星期五, 10月 23, 2015

PLEASE dont judge and DO NOT spread

I have not done my revision today, one last lecture recording left for personality psychology module, but I felt the urge to write something!

So I logged out from the public computer and rushed back to my room, I think maybe it is good to revise the lecture content in this way too?

Ok, here is my story, it is again about my past in Taiwan.
I need to clarify, although I write something today, I will never ever admit I have mental illness or such. Although this story might sound rationally supported the fact that I have some problem but FUCKING NO.

The lecture recording I just finished was about abnormal psychology, the part which urge me to write this blog was about Psychotic disoder. There are 2 mental illness(?)(I am really not good in memorising the title ORZ) which can be categorised under this personality disorder type: Psychosis and schizophrenia. Psychosis is an umbrella term meaning a person is somehow breaking from reality, not holding to the 'normal' life. There are certain categories need to be fulfilled in order to be diagnosed as schizophrenia, which are delusion, hallucination, and...shit I forgot...

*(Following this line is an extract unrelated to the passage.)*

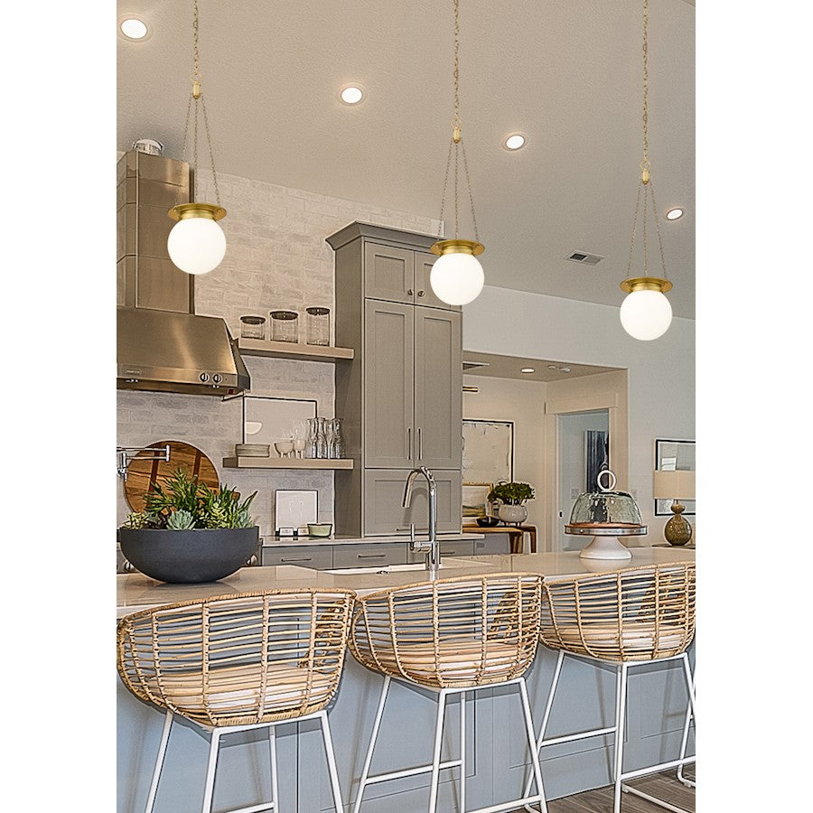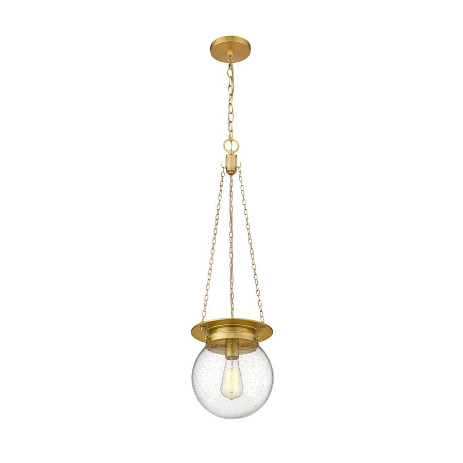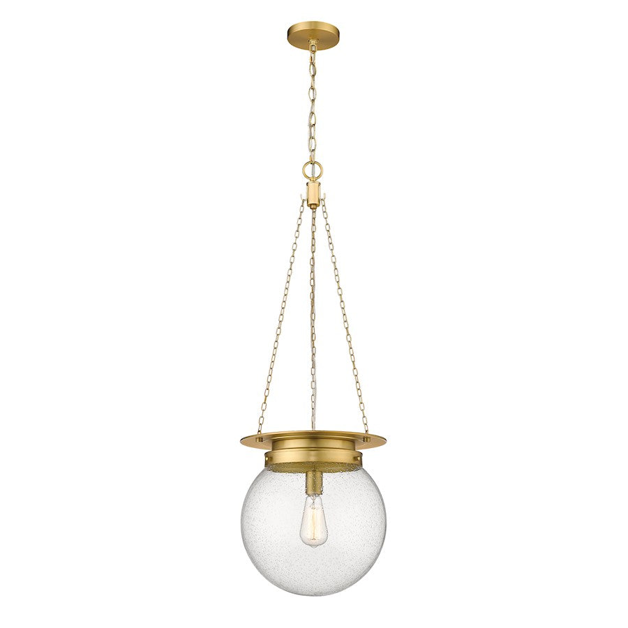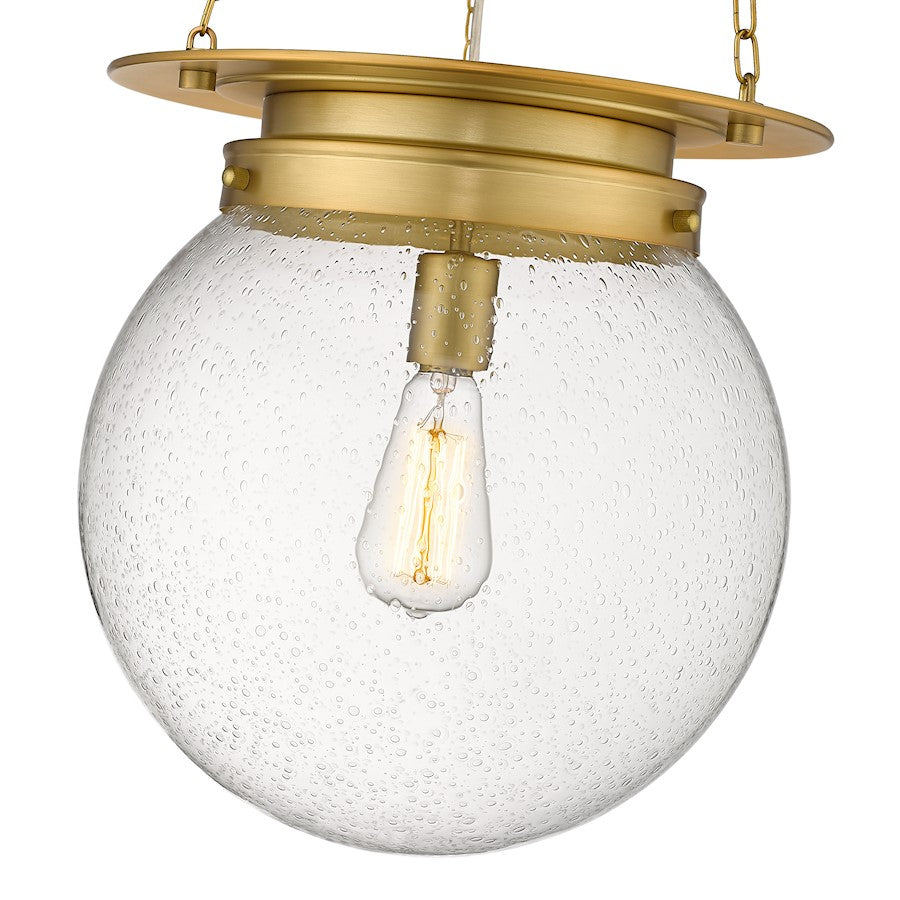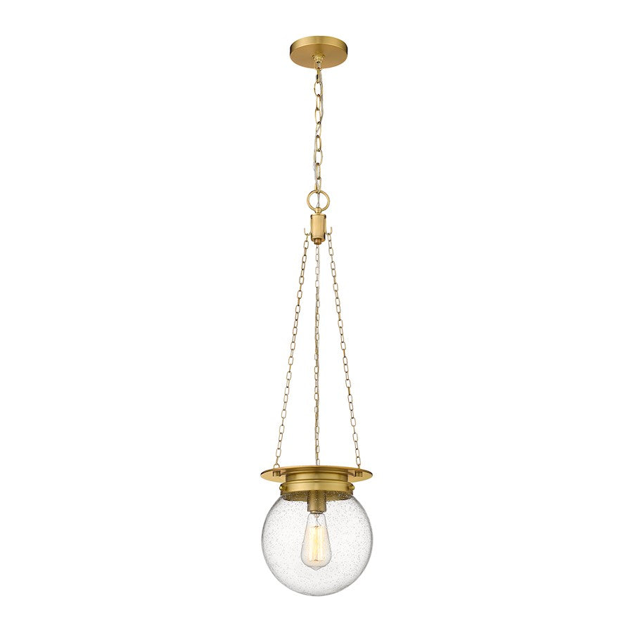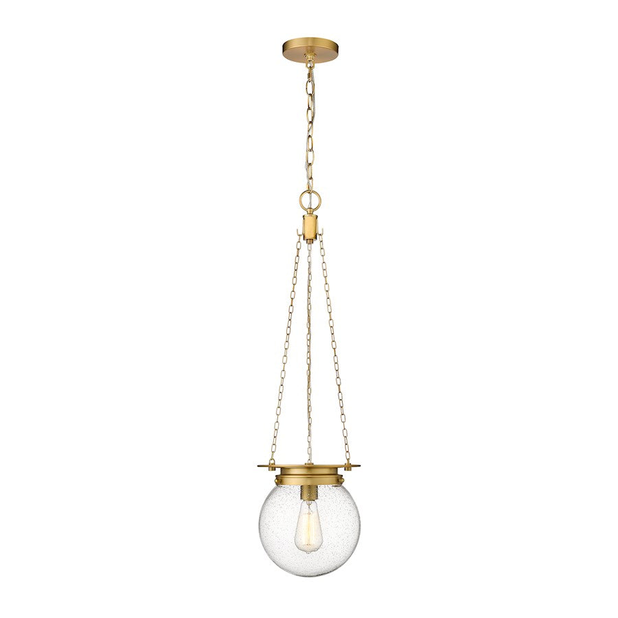 Harken back to Mid-Century Modern fare with a bit of schoolhouse charm thrown in and appreciate the easy feel of a light fixture that works wonders in both contemporary and transitional settings. This one-light pendant from the Calhoun collection delivers a shapely, symmetrical silhouette with a frame and accents featuring heritage brass finish metal. A festive clear seedy glass globe shade adds a dose of elegance suitable for a main living space, dining area, or foyer.

I can remember 2 of the delusion symptoms very clearly, and you probably can tell why as you are now reading 'my story'.
The first one is persecution delusion: The false taught of one could be harm or encounter with hostile actions by others. I did felt a particular level of anxiety before when I was in the student residential hall, when I was the only one in the room and I tried to calm my anger towards the stupid school.
I can't explain why but I taught 'they' were observing and judging me 24 hours a day as they really did some mean diagnosis on me. Those mean acts cost my family about RM5000? And their decision had seriously assaulted me.
The second one is reference delusion: The irrational perception of the attention from irrelevant others. I cant explain why, maybe because the high level of loneliness and helplessness, I once persuade myself that the baseball players on TV were winking at me LOL

I was not anyway close to be problematic and ill, NO. Well, the way I am speaking now has its own theory too haha: External locus of control: blaming others and the world for an event. I would not admit this, because it was actually, genuinely their fault. But the external locus of control is linked with the optimistic explainary personality...which is a good thing maybe...

I hope that one day, and I hope it will not be too far away, when I can go back and prove to that stupid but most loved country that I can do things.